Returning to the kitchen, I suggested to Aunt Iris that she go up to her room and rest. She was exhausted and didn’t fight me on it. Then the four of us sat down to piece together the story of that evening.
At 7:15, Zack had driven Erika to an appointment with McManus and the fire investigator, having convinced her that if she didn’t come clean, he would go to the authorities himself. When Zack had stood guard outside the house Friday and discovered the obsessive Elliot Gill watching the upstairs windows, he didn’t know what to think, except that the facts of the arson game had to be revealed immediately so that the police could figure things out before another tragedy occurred.
Returning home from his and Erika’s meeting with authorities, Zack found that his father was still at a business dinner, but, unknown to Zack, Marcy had come home and read my note. Audrey, ever watchful for evil acts, had observed and happily reported to Marcy that I had stolen Zack’s boat and headed up-creek. Marcy must have guessed where I was going and realized I was giving her a golden opportunity to get rid of me.
She instructed Audrey not to tell Zack that I had come for him. Later the note I had written was found in Marcy’s purse. It was Zack’s theory that Marcy had planned to give the note to the police and tell them about my previous assault. Erika’s three friends had unwittingly provided Marcy with cover for another murder. It wasn’t clear when Marcy’s final plan for me came together.
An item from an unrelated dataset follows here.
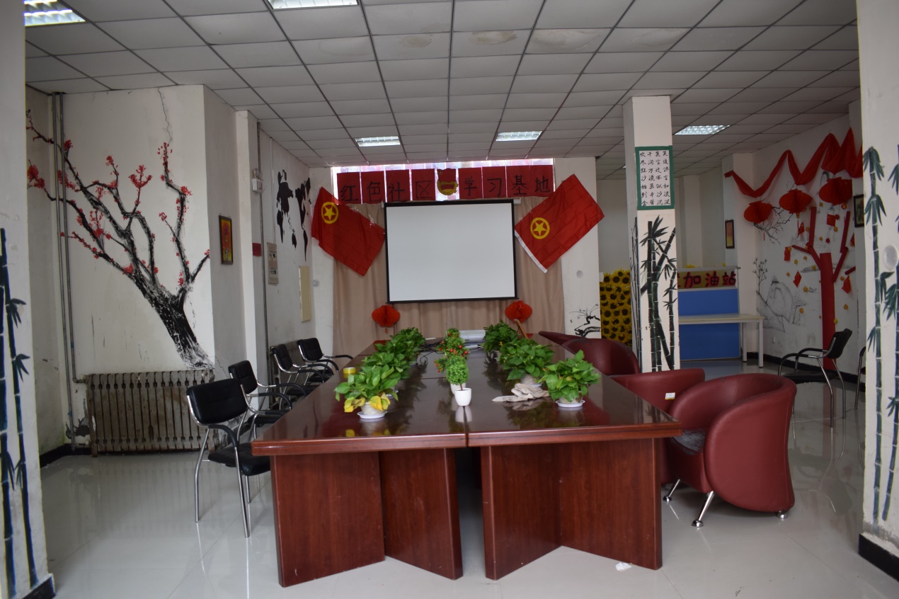 根据其方位将之分为四个区域。东墙是红十月的宣传主题,南墙由暖城加油站,红色革命树,活力团支部三部分构成。北墙由一幅巨型天安门水彩画和一株象征革命战士不畏艰难敢于抗争的红梅组成。位于房间正中的是会议桌,会议桌旁是有两个供讨论的区域。一米阳光的建立是为了培养学生自主解决问题的能力,以及精神的培养。

As the fire investigator pointed out, quantities of accelerants are readily available in country houses, and Marcy was familiar with her childhood home.
Audrey did not tell Zack about the note, but, fortunately for me, she couldn’t resist telling him about the stolen boat. Setting out in his father’s cruiser, Zack had spotted the anchored rowboat, then the ladder that I’d left against the bank. Following my route, he had found Iris semiconscious in the garden. At that point he called 911 on his cell.